Tax Education: The A.B.C of Input and Output VAT

Input VAT is the VAT a taxable person pays on taxable goods and services purchased from a supplier. This VAT is usually paid to the supplier alongside the value of goods and services supplied.

Output VAT is simply the VAT on sales of good and services, collectible by the seller. Section 14 (4) states that where a person to whom taxable supplies is made in Nigeria is issued an invoice on which no tax is charged, such a person should self-account for the tax payable and remit the output VAT to FIRS.

Set-Off of Input VAT against Output VAT

The extant law permits a taxable person to set-off the input VAT paid on taxable goods/services purchased, from the output VAT received on good/services supplied/sold, and remit the excess to FIRS.

Example 1:

Ahmed Enterprise purchases goods worth N5million (with an input VAT of N250,000) and sold the goods for N7million (collecting an output VAT of N350,000).

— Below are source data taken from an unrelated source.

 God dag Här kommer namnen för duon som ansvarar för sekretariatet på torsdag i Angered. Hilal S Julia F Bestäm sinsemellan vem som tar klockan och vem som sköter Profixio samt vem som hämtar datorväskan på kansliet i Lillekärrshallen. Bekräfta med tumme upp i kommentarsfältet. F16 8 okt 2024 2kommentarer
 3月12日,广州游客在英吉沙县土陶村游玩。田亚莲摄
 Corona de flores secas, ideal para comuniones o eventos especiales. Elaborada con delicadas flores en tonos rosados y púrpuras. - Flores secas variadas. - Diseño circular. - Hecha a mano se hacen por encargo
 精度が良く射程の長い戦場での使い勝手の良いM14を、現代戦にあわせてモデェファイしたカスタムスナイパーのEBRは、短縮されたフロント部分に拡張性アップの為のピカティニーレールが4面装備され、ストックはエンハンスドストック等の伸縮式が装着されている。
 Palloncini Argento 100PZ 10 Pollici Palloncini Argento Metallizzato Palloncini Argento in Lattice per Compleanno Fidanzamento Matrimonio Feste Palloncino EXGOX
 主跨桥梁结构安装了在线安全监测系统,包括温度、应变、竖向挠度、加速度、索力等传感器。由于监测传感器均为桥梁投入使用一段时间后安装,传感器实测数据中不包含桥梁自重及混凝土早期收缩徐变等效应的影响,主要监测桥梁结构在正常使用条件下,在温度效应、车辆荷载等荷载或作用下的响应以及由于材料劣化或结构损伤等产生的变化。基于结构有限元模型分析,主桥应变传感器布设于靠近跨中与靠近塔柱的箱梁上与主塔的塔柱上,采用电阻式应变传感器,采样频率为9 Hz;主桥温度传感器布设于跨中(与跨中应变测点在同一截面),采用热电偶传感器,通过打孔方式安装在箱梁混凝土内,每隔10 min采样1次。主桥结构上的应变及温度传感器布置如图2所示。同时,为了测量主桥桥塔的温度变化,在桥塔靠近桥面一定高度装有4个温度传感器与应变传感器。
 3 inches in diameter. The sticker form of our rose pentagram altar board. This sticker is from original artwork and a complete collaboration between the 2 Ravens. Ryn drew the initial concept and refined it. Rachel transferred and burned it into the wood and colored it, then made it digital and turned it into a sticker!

The above scenario means that Ahmed Enterprise, while filing its VAT returns, is expected to remit the sum of N100,000). This is the excess of the output VAT over the input VAT.

However, if the input VAT exceeds the output VAT, Section 16 (1b) of the VAT Act (as amended) permits the taxable person to utilize the credit against subsequent months.

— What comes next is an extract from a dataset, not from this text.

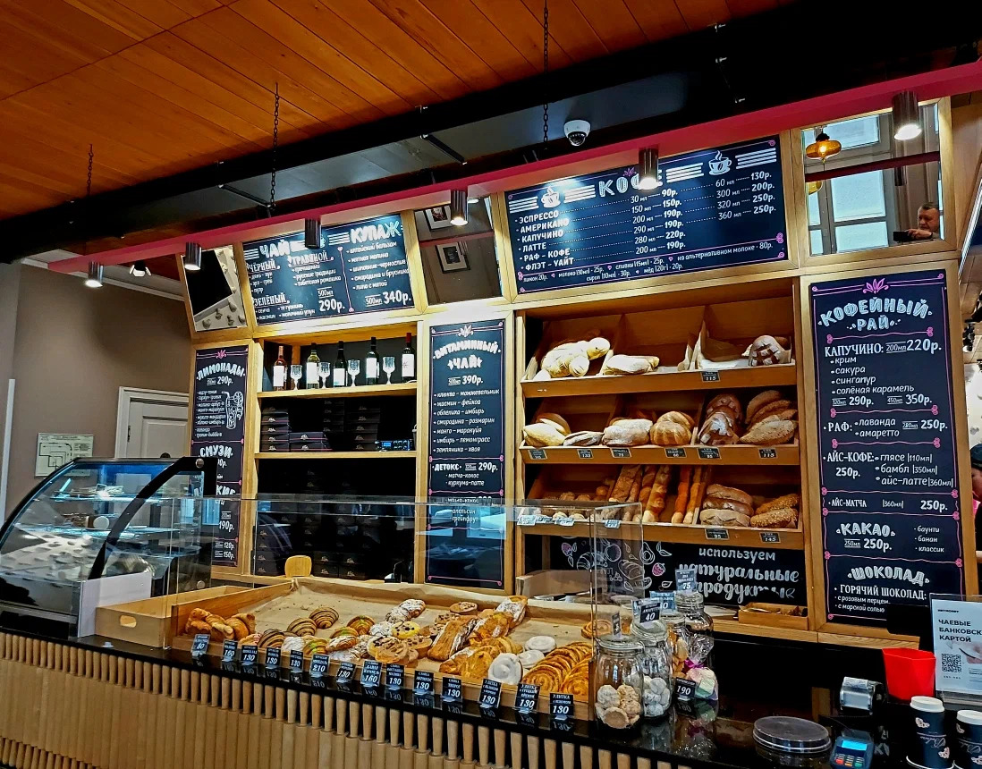 Сетевая кондитерская Франсуа Бодреро на Сретенке. В меню представлены бриоши, круассаны, улитки, пироги, сэндвичи, слойки, эклеры и макарони. Кроме того, есть пироги с сытными начинками и сэндвичи.
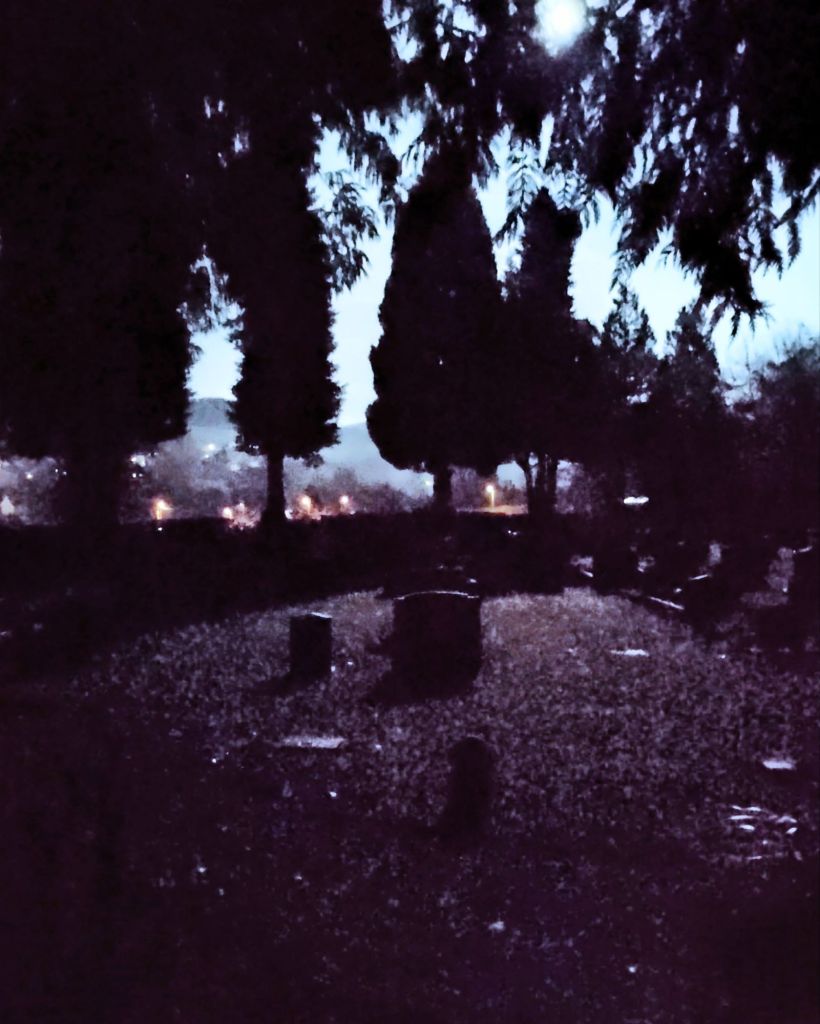 Sentinel yews at night guarding Llangattock cemetery, Powys.

Input VAT not allowed for set-off against Output VAT

The VAT Act specifies the input VAT that will be allowed as a deduction from output VAT. Section 17 states the allowable deduction shall be limited to the tax on goods purchased or imported directly for resale and goods which form the stock-in-trade used for direct production of any new product on which the output VAT is charged.

The section however provides the treatment of input VAT on costs not allowed as deduction from output VAT as follows:

  1. Input VAT on any overhead, service, and general administration of any business should be expended through the income statement (profit and loss accounts); and
  2. Input VAT on any capital item and asset should be capitalized along with cost of the capital item and asset.  

Example 2:

Jide Enterprises has the following sales and cost records:

  1. Sales of goods                            –           N7million (output VAT of N350,000)
  2. Purchase of goods for resale  –           N5million (input VAT of N250,000)
  3. Purchase of Office Generator –           N500,000 (input VAT of N50,000)
  4. Audit Fees                                   –           N1million (input VAT of N100,000)

Based on provisions of the extant law, the company will set-off the input VAT of N250,000 on the purchase of goods for resale against the output VAT of N350,000 on goods sold and remit the sum of N100,000 to the FIRS.

However, while the input VAT on the audit fees will be expended into the income statement, the VAT on the purchase of generator will be capitalized with cost of the asset. In other words, both input VAT are not allowed as deduction from output VAT.